From the first line of the material below through the line containing "При нажатии на", print every line exactly as it stands, but no pictures.
START INFORMATION SHOWN
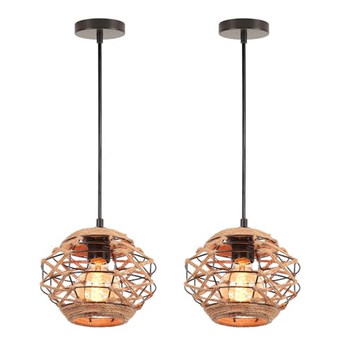 Lot de 2 Suspension Industrielle Vintage Lustre E27 Rotin
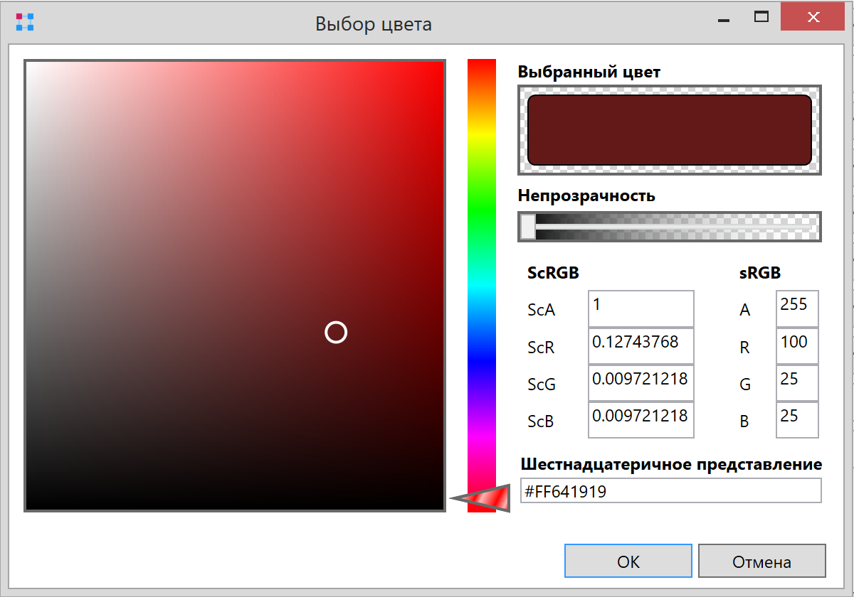 . При нажатии на кнопку откроется окно выбора цвета с соответствующими настройками:
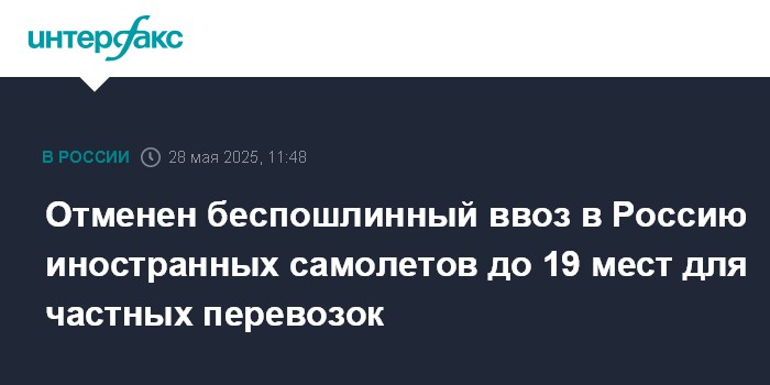 Москва. 28 мая. INTERFAX.RU - Правительство России упразднило порядок, при котором ввоз иностранных самолетов, вмещающих до 19 пассажиров и используемых для частных перевозок на территории Евразийского экономического союза, освобожден от уплаты таможенных пошлин и налогов.
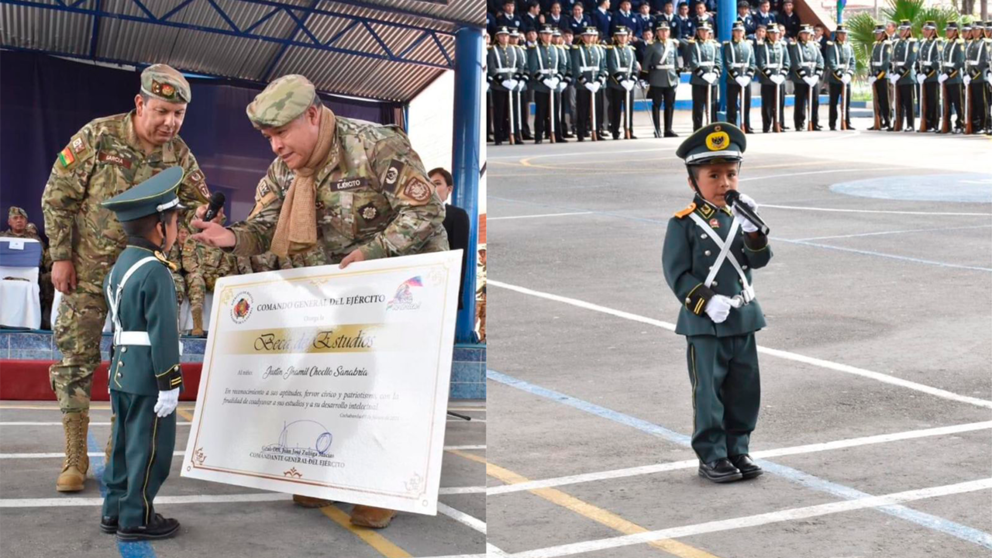 Durante la ceremonia, el general Zúñiga expresó que para el Ejército es un verdadero honor hacerle la entrega a Jhustin de una beca completa para que pueda completar todos sus estudios primarios en la Unidad Educativa del Ejército de Cochabamba y destacó la ferviente participación que tuvo el niño durante los actos de aniversario del Ejército, poniéndolo como ejemplo para todas las generaciones sobre el amor que se le debe mostrar a la patria.
END INFORMATION SHOWN
REPLY TO THE TASK —
 Lot de 2 Suspension Industrielle Vintage Lustre E27 Rotin
 . При нажатии на кнопку откроется окно выбора цвета с соответствующими настройками:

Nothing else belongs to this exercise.